# Can type nm-b wire be used outside in conduit?



## gregzoll (Dec 25, 2006)

Depends on your local ordinances. I personally wouldn't. If using all conduit outside, pull THHN/THWN instead of Romex.


----------



## bobelectric (Mar 3, 2007)

No. Romex+outside in conduit= wet location.


----------



## mpoulton (Jul 23, 2009)

Conduit which is not subject to any weather would be OK, but very few outdoor locations fit that description. The bottom line is this: if you could use NM there without conduit, then you could sleeve it in conduit. If you can't use NM there without conduit due to weather exposure, then adding conduit doesn't get you anything. The inside of a conduit in a wet location is a wet location.


----------



## stickboy1375 (Apr 28, 2012)

diyer111 said:


> Can type nm-b (14-3) romex wire be used outdoors if placed in conduit to add additional receptacles to the back of a house/


no......


----------



## Kyle_in_rure (Feb 1, 2013)

You would need to use UF cable, or most likely THHN/THWN Wires since you want to run 14/3. :yes:


----------



## Philly Master (Mar 30, 2013)

NO ...

history in the making we all agree ...:thumbup:


----------



## frenchelectrican (Apr 12, 2006)

One thing over here it will be the same rules no NM cable on outdoor location as well only UF cable or THHN/THWN or SWA ( steel wire armoured cable ) is one of few most common allowed items we can use on outdoor useage over here in France.

Merci,
Marc


----------



## Bobka (Nov 4, 2012)

Pvc...sch 40 or 80(depends)....then thhn/thwn..... about 20 cents a foot..equals done right:thumbup:


----------



## gregzoll (Dec 25, 2006)

You can stub out NM to a outlet box or base plate for a light on the side of the house, and that is it. Otherwise, UF if going out any further than 8 inches from the side of the home, or THHN/THWN in conduit.


----------



## bobelectric (Mar 3, 2007)

Where did this 8 inch rule appear from?


----------



## Bobka (Nov 4, 2012)

bobelectric said:


> Where did this 8 inch rule appear from?
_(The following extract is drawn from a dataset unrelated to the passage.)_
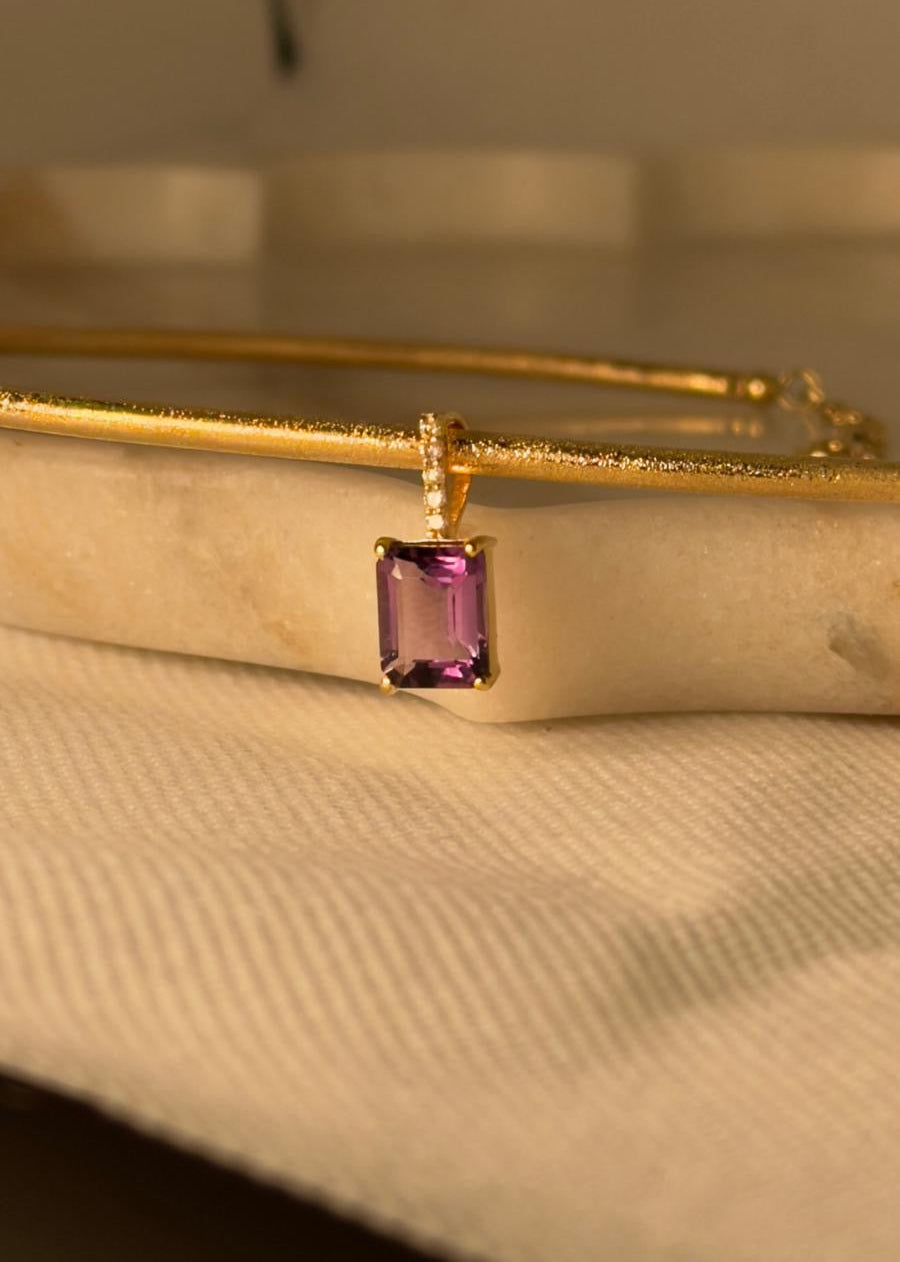 18k gold pendant with diamond , stone Amethyst

...the p*** industry:laughing:


----------



## gregzoll (Dec 25, 2006)

bobelectric said:


> Where did this 8 inch rule appear from?


Who says that it has to be a rule. There is this thing called common sense, which most of us use, when we do stuff. Six inches from the back of the box is allowable for giving you enough wire to attach a switch, outlet, or wire nut, but I just threw the eight inch statement out there, because as we say in my neck of the woods, "a little extra always helps, when doing something the right way."

If you have not realized, we are not code compliance officers, nor are we to enforce the codes of the areas that people live in, that post on here. We are just a group of people trying to have a round table discussion in what is best to do in a situation, and how to do it in a way, that it will not cause problems later on, if you either have to go and sell the place, due to not required to pull a permit to do the work, if your area does not require it, or if your area does require a permit, you have at least enough basic info, that you can take that and research further to find out exactly how to do it the way your AHJ wants it done.


----------



## gregzoll (Dec 25, 2006)

Bobka said:


> ...the p*** industry:laughing:


That does not even pass in that industry as allowable.


----------



## jproffer (Mar 12, 2005)

But you're throwing hard numbers out there like it's written somewhere....and it's not.


----------



## Bobka (Nov 4, 2012)

Wiring shall be done in compliance with the codes in your area...the AHJ will help you with any questions you may have....any problems/injuries caused by non compliant wiring will not be covered by your home owners insurance.....I am electrician...32yrs:thumbsup:


----------



## gregzoll (Dec 25, 2006)

jproffer said:


> But you're throwing hard numbers out there like it's written somewhere....and it's not.


Most of the stuff posted on here, is thrown out with nothing written anywhere to back it up. Majority is from most of us doing this stuff over the years, and finding the best way to get the job done, so that it not only meets codes, but also so that when the next person comes along to do something with what you did, they are still able to complete the job, or fix the problem if one occurs, due to a bad outlet or switch.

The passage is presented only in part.